Um eine wirklichkeitsnahe Ausbildung der Bordschützen zu gewährleisten, wurde die Einführung eines schweren Schulflugzeugs mit einem MG-Stand erwogen. Daraufhin bot Fairchild den Prototyp eines Mitteldeckers mit
zwei Pratt & Whitney- Sterntriebwerken, Doppelleitwerk und einziehbarem Bugradfahrwerk an, der zusätzlich auch für die Ausbildung von Funkern, Navigatoren und Bombenschützen geeignet sein sollte.

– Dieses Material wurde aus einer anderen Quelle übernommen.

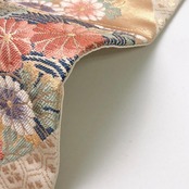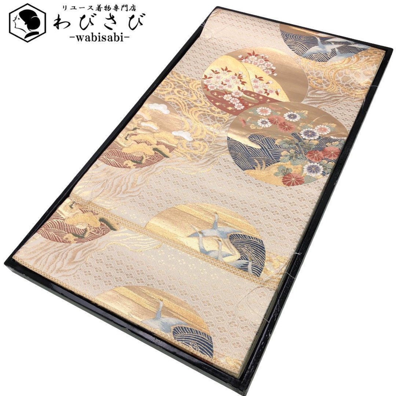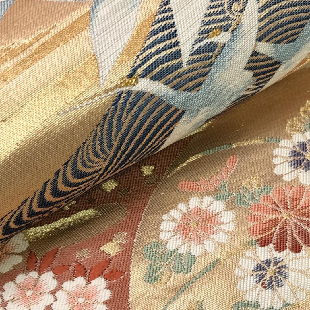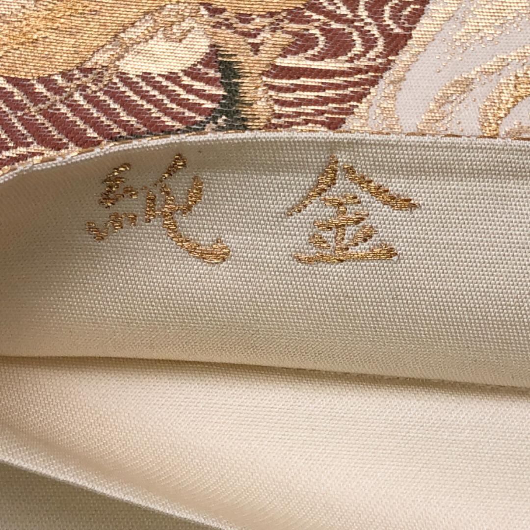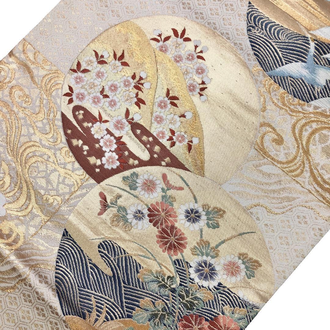 尾花色の品のあるお色味に丸に風景、花模様、鶴、松などの柄裄がデザインされた雰囲気の良い素敵なお品でございます。
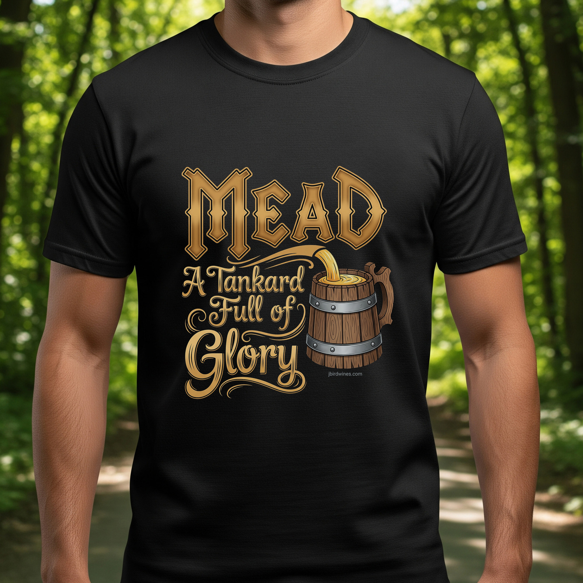 Mead, A Tankard Full of Glory in a bold design with mead being poured into a wooden mug.

Die Bordwaffenausbildung -
Der auf Ranger-Triebwerke umgerüstete Prototyp wurde von XAT-13 in XAT-14 umgetauft. Die Serienversion erhielt von der US Army Air Force die Bezeichnung AT-21 Gunner. Ihre
Einführung fiel mit der Gründung von Schulungszentren für die Bordwaffenausbildung zusammen, die es vor dem Krieg in den USA nicht gegeben hatte.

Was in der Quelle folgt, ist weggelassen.